If the public remains unconvinced, the economic figures don't exactly help either. According to a report in the weekly news magazine L'Express, the gross domestic product is now expected to see a projected growth of one per cent in 2008 - less than had been hoped. And although the magazine says evidence from the European Commission points to the contrary, the prime minister, François Fillon, maintains France is on target to reduce the public deficit from 2.7 to 2.5 per cent of GDP by the end of the year.

Still to continue process of reform and find the money to invest in social policies and transportation for example, the government needs money. Money that by its own admission it simply doesn't have and hasn't had since introducing a fiscal package costing a cool €13 billion in August last year, shortly after coming to power, which critics claim benefitted primarily the already better off by reducing inheritance tax.
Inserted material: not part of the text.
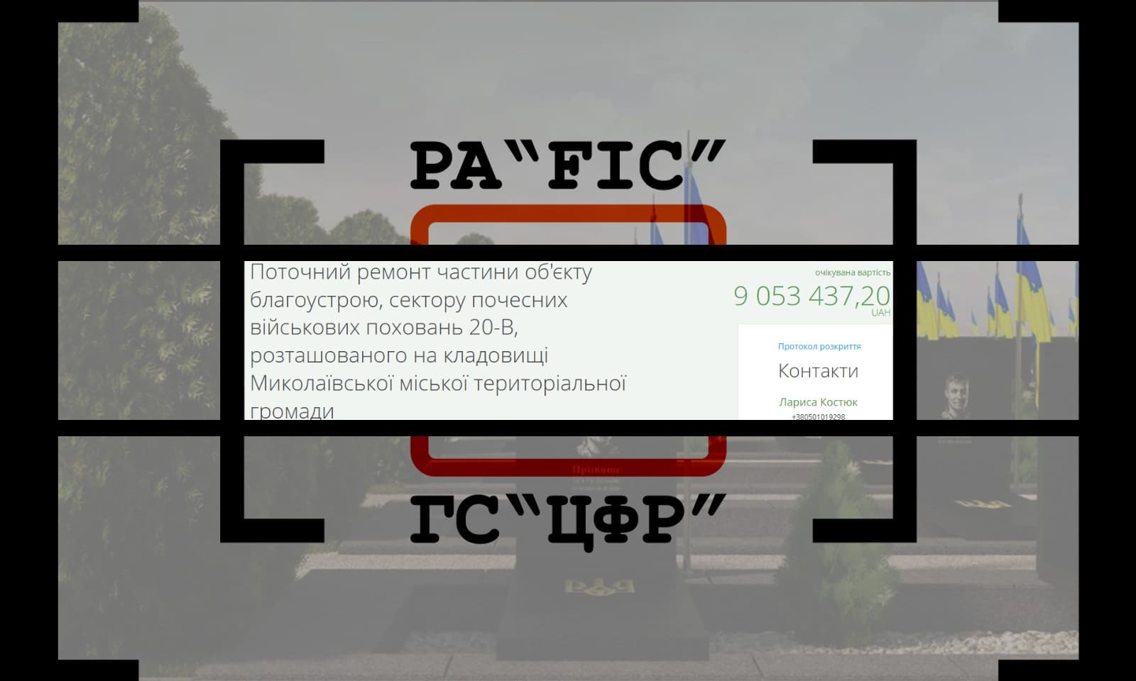 6 вересня КОМУНАЛЬНЕ ПІДПРИЄМСТВО МИКОЛАЇВСЬКОЇ МІСЬКОЇ РАДИ “МИКОЛАЇВСЬКА РИТУАЛЬНА СЛУЖБА” провело закупівлю на поточний ремонт частини об’єкту благоустрою, сектору почесних військових поховань 20-В, розташованого на кладовищі Миколаївської міської територіальної громади.

Increases in the price of fuel and the consequent rise in the cost of a range of household products are of course not confined to France.

When it comes to public opinion people in this country (as in any other) don't really want to hear about global explanations to the problem. They want the government to address the everyday issues that effect them.

Little wonder then that with no money available to boost the economy and certainly none around for general tax breaks, the French are "feeling the pinch." And it's no surprise that they are also pretty gloomy about the future for a country in which half the population earns less than €1,500 per month when the best they're likely to be offered, at least in the short term, is more belt tightening.